Now the furniture may be beautiful and the business is successful, but it shouldn’t be at the cost of public health and well being.  There are laws against out of office hours noise that causes discomfort to residents.  According to the Environmental Protection Act 1990, any noise affecting your health or causing any disturbance to you in your property is considered a statutory nuisance.

You should be able to enjoy the comfort of your home without the need for reasonable complaint against noise from an unreasonable neighbour.  The local authorities are responsible for addressing issues such as noise disturbances.

Those noises could come from a shop, another residential property or even garden.  If your neighbour has decided to make furniture in their back garden for commercial purposes, the council should have been notified and planning permission should have been granted or denied.

If your neighbour or the leaseholder/shop keeper does not cooperate and come to an agreement with you and your neighbours, you should initially report it to the freeholder of the property.  If the freeholder doesn’t resolve the problem, your next step would be to contact the planning department of your local authority.  Your neighbour requires planning permission to start a furniture business in a residential area.

If planning permission was granted, the council would have applied restrictions to the business in relation to opening hours and noise levels.  The council might have even applied higher restrictions to the planning application, such as ‘no manufacturing of furniture’.  In other words, your neighbour may well be entitled to sell furniture but the council has disallowed any production of furniture precisely because of the nuisance it may cause to residents in the area.

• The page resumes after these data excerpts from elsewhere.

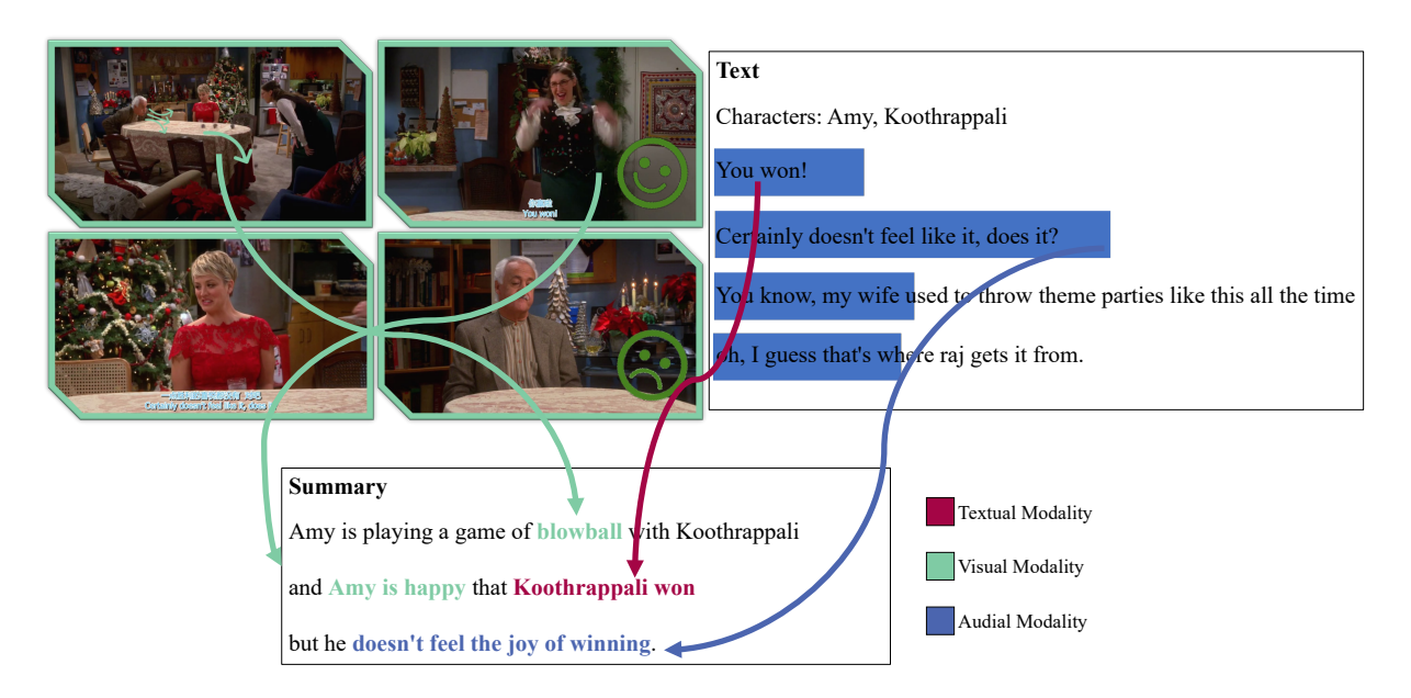
Figure 1: An example from MDS. A case consists of dialogue utterances, a video clip, and a human-written summary.

videos into fine-grained video clips. The annotators are asked to watch the clips and write a target summarization for the multi-modal dialogue. Then, several methods are empirically evaluated on MDS, including the conventional extractive and abstractive summarization models. Analytical experiments show that MDS is a highly abstractive summarization dataset, benefiting from multi-modal information. The poor performance on conventional extractive summarization models indicates that other modal information fuses in MDS. For example, in Figure 1, red is for text modality, blue is for audial modality, and green is for visual modality. In the summary text, the visual modality supplies extra information, "blowball", which cannot be generated from the textual modality. The mood of the characters is also captured by the visual modality, "Amy is happy." The visual modality provides critical facts that do not appear in the textual modality. When
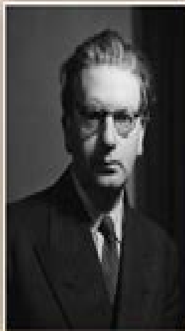
John Logie Baird
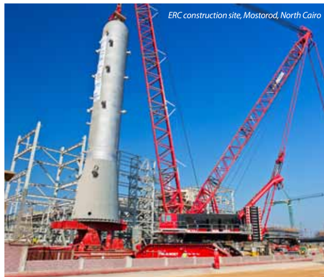
ERC construction site, Mostorod, North Cairo
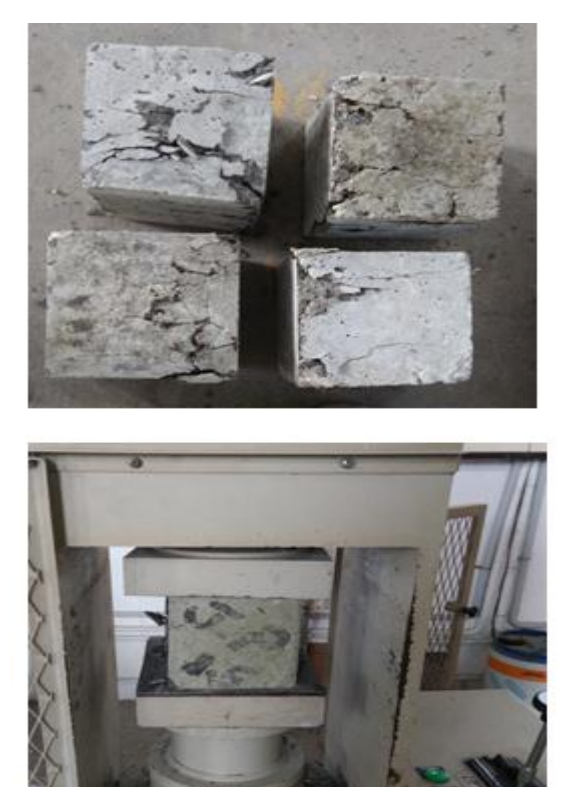
Fig. 1.1 Cube Testing

For cube compressive strength of concrete, 150 x 150 x 150 mm size cubes were used. All the cubes were tested in saturated conditions after wiping out the surface moisture. For each combination, the cubes were tested at the age of 7, 14 and 28 days curing using compressive testing machine of 2000KN capacity.
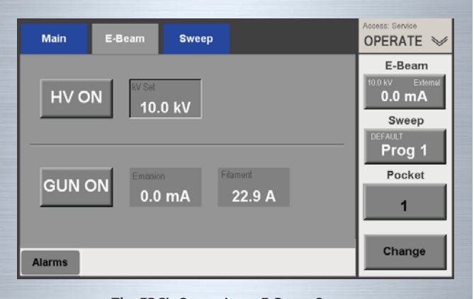
The EBC's Operations>E-Beam Screen

In evaporators without a PCL-based system controller, the TemEBeam EBC Integrated Controller provides the sole means of controlling the E-Beam power supply. In such systems, the EBC is therefore a required accessory for the CV-6SLX. Using the EBC's touch screen (see illustration below), the user can switch the e-beam on/off or switch the high voltage and the gun on and off independently of each other. The EBC also enables the user to set the kV and the emission power setpoints and to monitor the emission and filament currents in real time. The EBC can be configured to operate in stand-alone mode or in conjuction with single-and multilayer deposition controllers or PLC-based system controllers.
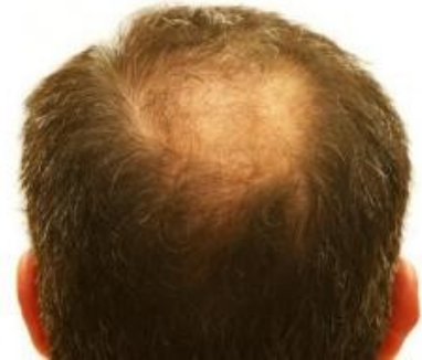
Researchers have discovered the

The work was funded by the National Institutes of Health and the Connecticut Stem Cell Research Program. ◆
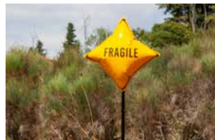
Free Figures, JMIP, 2019
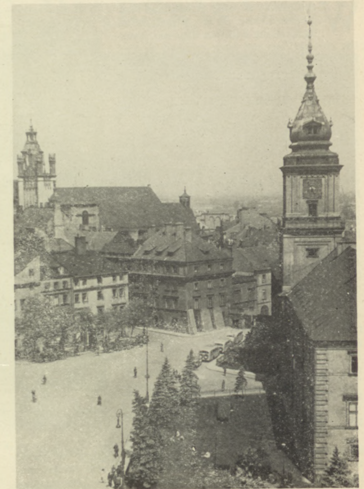
Castle Square in Warsaw as it looked before the German invasion of Poland.

Fighting and bleeding for Poland, for home!
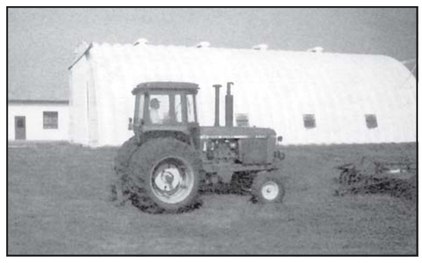
Figure 2: The tractor cab is an example of isolating a person from a noise source.

Ear plugs are small, soft inserts placed into the outer ear canal. They must totally block the ear canal with an air tight seal to be effective. Plugs are
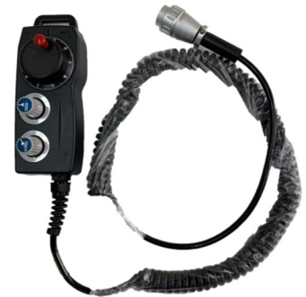
100 Step MPG
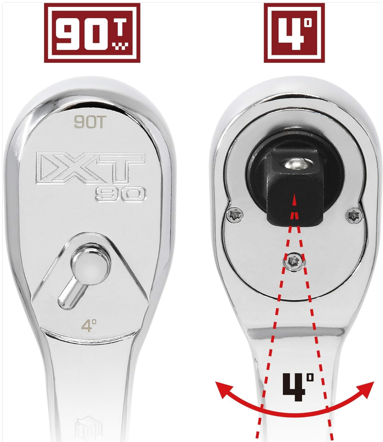
Image 5.1: The ratchet head, illustrating the directional switch and the minimal 4-degree swing required for engagement.
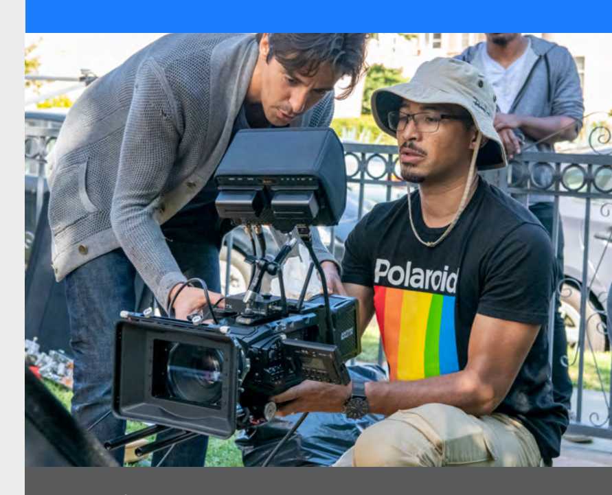
Directing and filming a conservation commercial.

Our commitment to competitive pay and a safe, inclusive work environment, ensures that your hard work and dedication are recognized and rewarded appropriately, providing an additional incentive to excel in your professional endeavors.
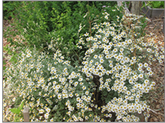
German Chamomile

* This is a 'special order' plant - contact store for details
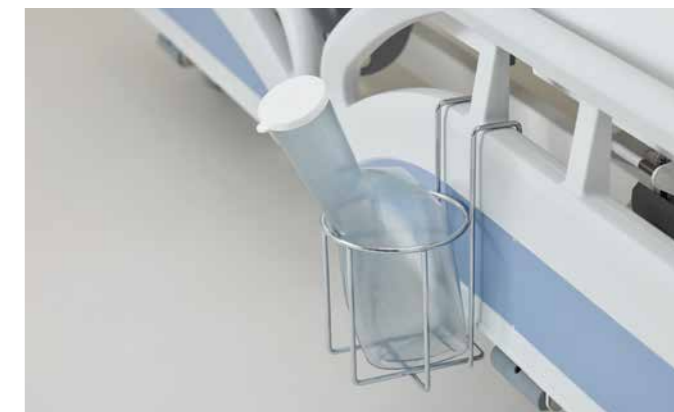
▲ The urine bottle holder for the Protega safety side on the Evario.
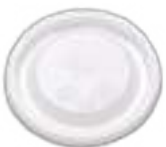
D76 Cold Drink Lid
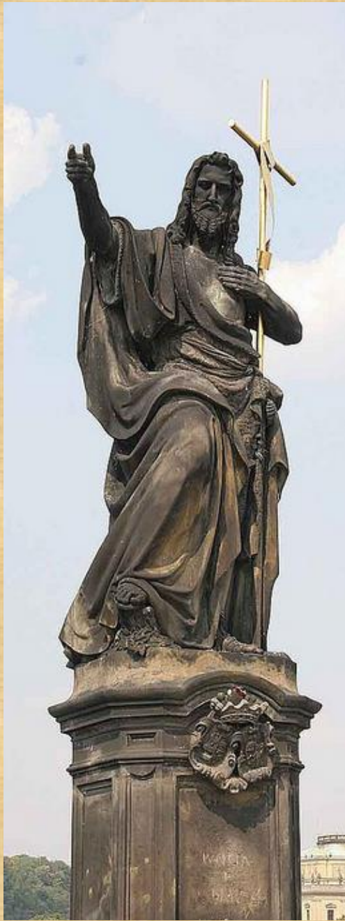
Saint John the Baptist
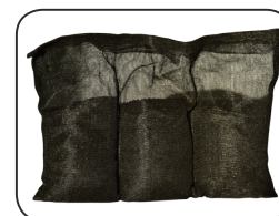
Charcoal Filter for Fume Master SKU:FCAFB
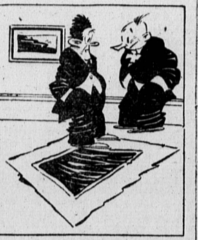
"I see the mathematicians won out in their contest with the philosophers. How'd they do it?" "Through numbers, of course."
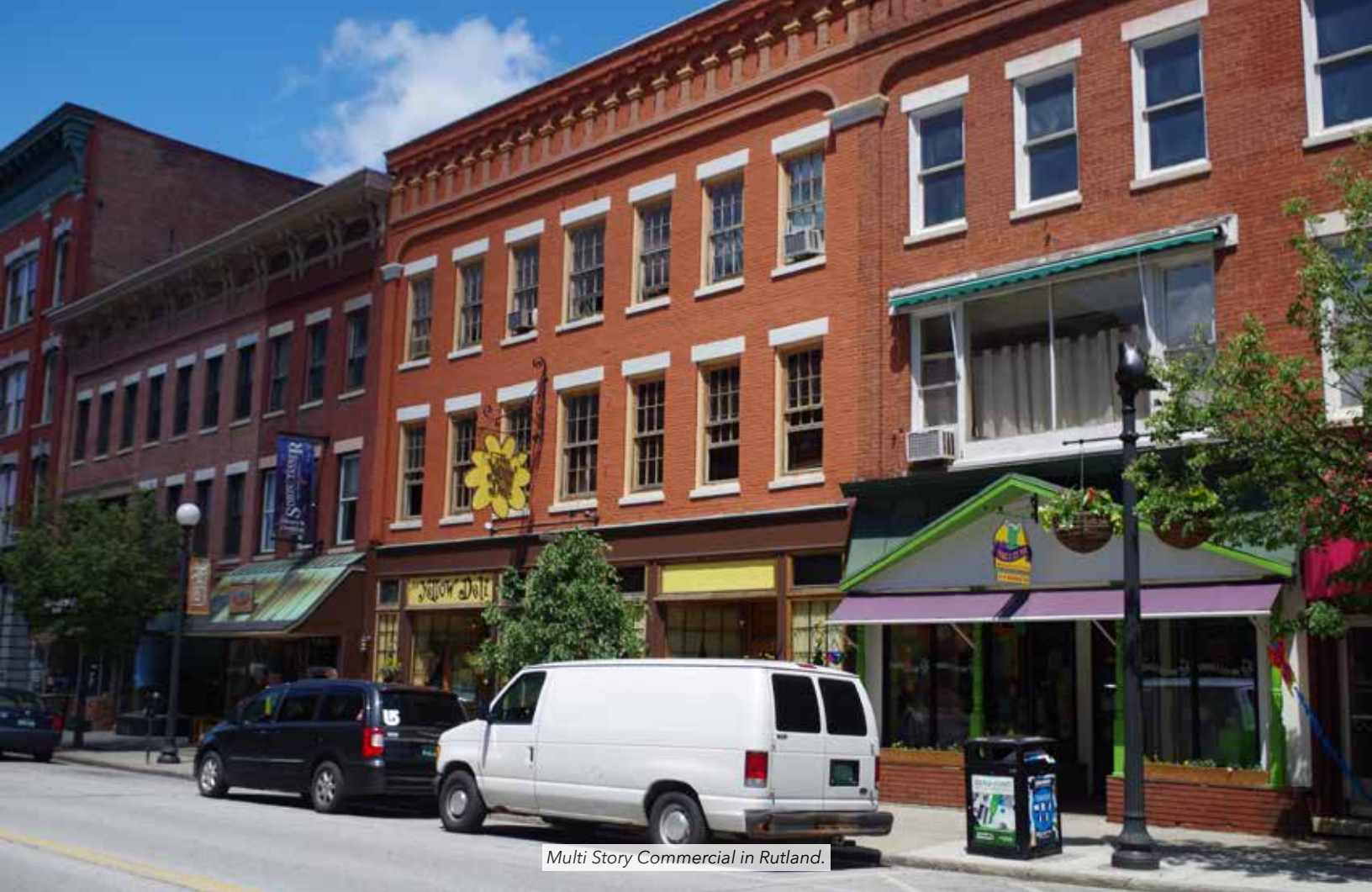
Multi Story Commercial in Rutland.
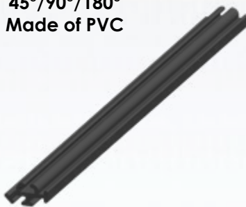
Fits Series 1580 (PVC001)
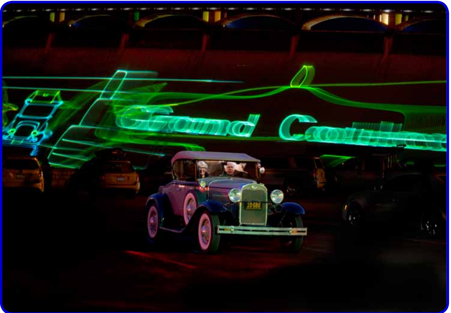
Blaine and Bev McGillicuddy are at Grand Coulee Dam during the light show with their 1931 Model A Ford Deluxe Roadster.

Reata Springs Baptist Church 2830 Leopold Lane, Richland, WA January 12th, 7:00 p.m.
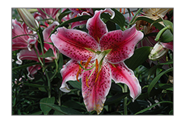
Stargazer Lily flowers
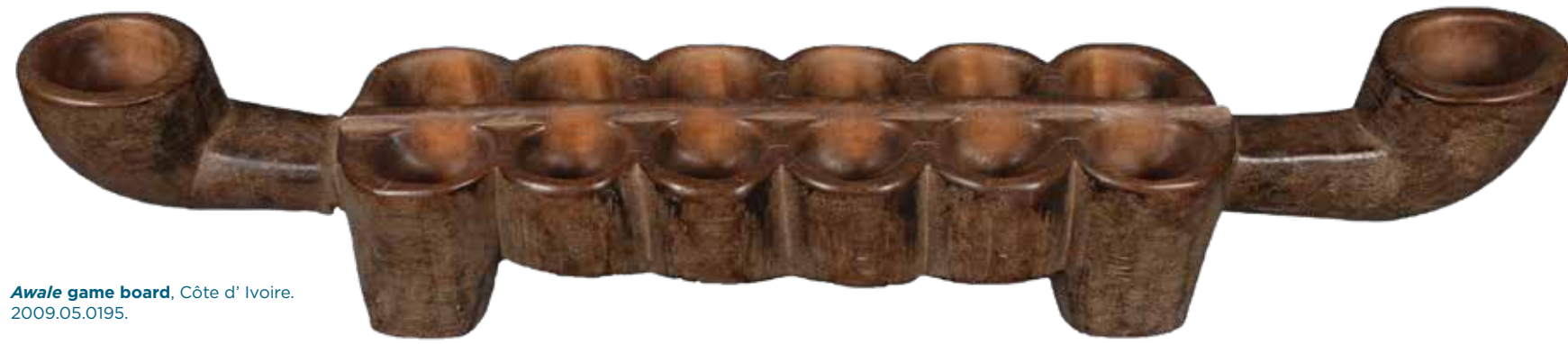
Awale game board , Côte d' Ivoire. 2009.05.0195.
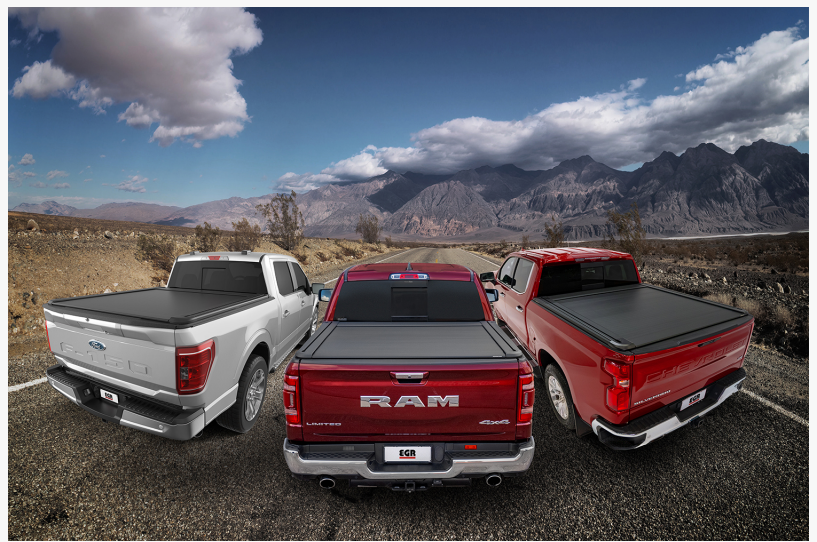
EGR USA offers electric retractable bed covers for most late model trucks.
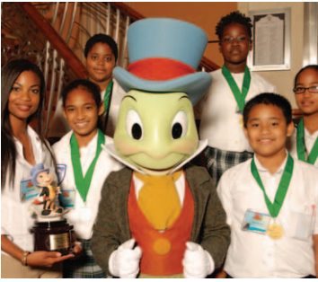
Children in Disney Cruise Line ports of call take part in environmental education programs, such as Disney Planet Challenge.
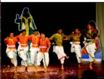
Shaking a leg – probationers presenting a cultural programme.

The National Police Academy, in its 57 years of existence, has constantly strived to translate the dream of its founder, Sardar Vallabhbhai Patel - the Iron Man of India - to achieve its due status as the premier police training institution of the country. The Academy has, indeed, acquired a name for itself for excellence in police training not only nationally but internationally too.
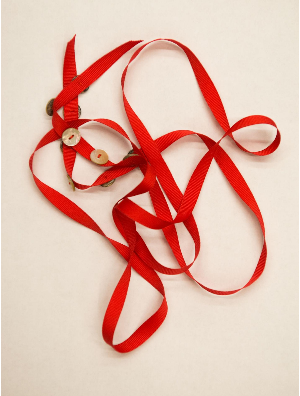
Figure 3. Tristram Shandy , bookmark. © Adam Konczewski.
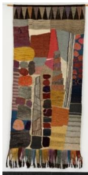
Gunta Stölzl, Getürmt 1973 wool, cotton, needlepoint 240 x 110 cm Municipality of Küsnacht ZH

Images are available here for free download. When using the image material, we kindly request that you always include the information below:
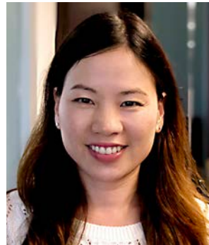
CHELSEA SUN Pasadena, CA
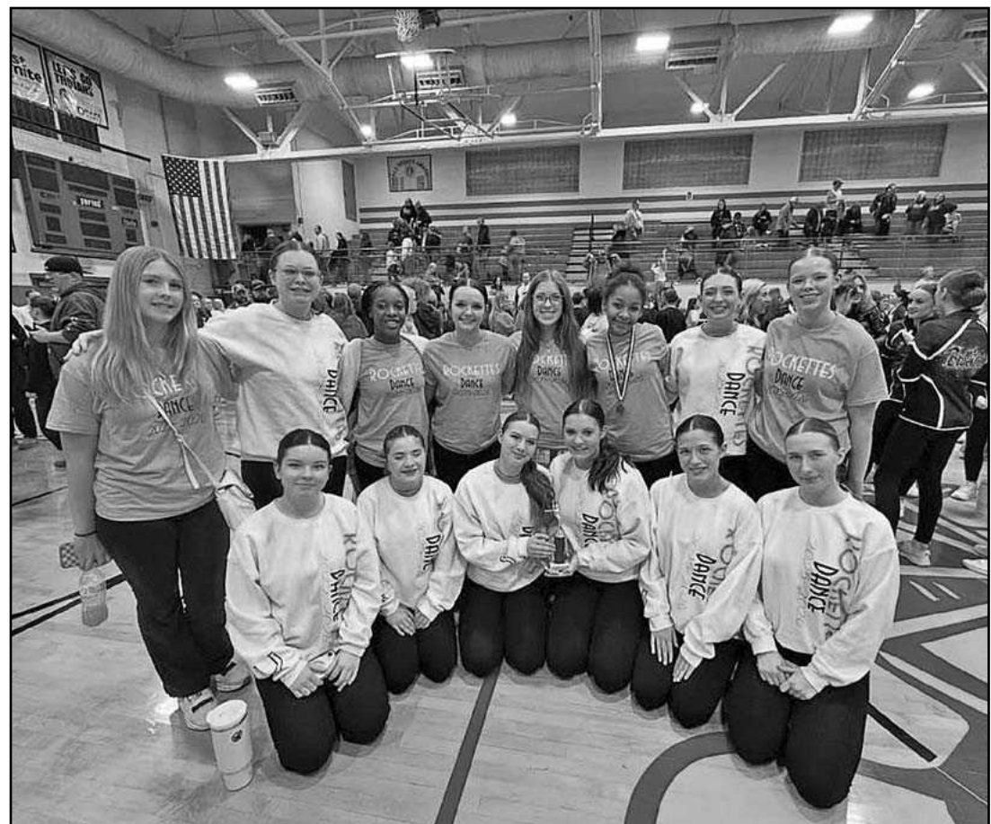
Rockettes place 1st in HipHop and 4th in IHSA at the Charleston Competition.

Dance competed in Charleston on Saturday. They placed first in Hip Hop and 4th in IHSA. They will compete again next Saturday in Clinton.
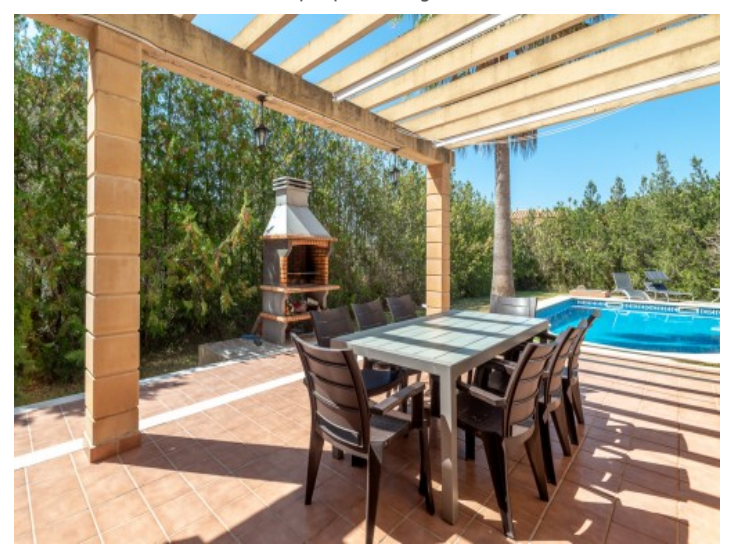
Beautiful terrace with bbq
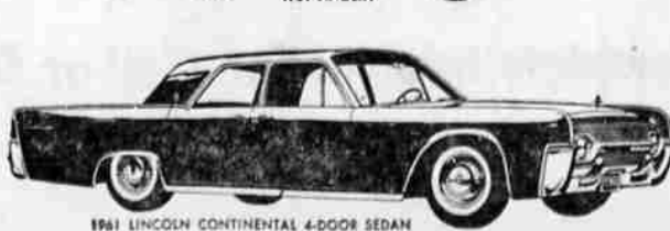
1961 LINCOLN CONTINENTAL 4-DOOR SEDAN
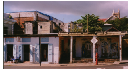
22A King Street BEFORE & AFTER

Today, the Sunday Market Square is now home to low income housing, the VI Police Department Bicycle Patrol, a law office, a brand new Small Business Incubator, and SCF's headquarters.
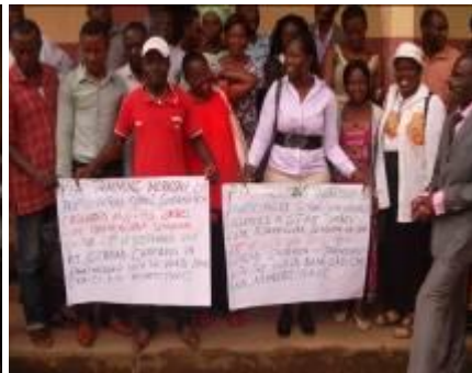
Governance training and fight against corruption campaigns through youth actions
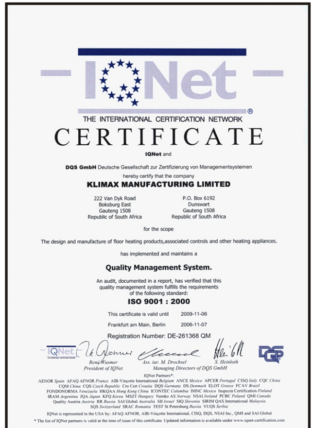
Klimax IQNet Certification

In summary, if you are affected by noise polution and disturbances – statutory nuisance – your first course of action would be to speak to and write to the leaseholder and express your concerns.  Your second course of action would be to involve your neighbours and make a formal complaint to the freeholder.  Your third course of action would be to contact the planning enforcement team of your local authority.  In some instances, a property solicitor could help you as a mediator and help you also to seek compensation.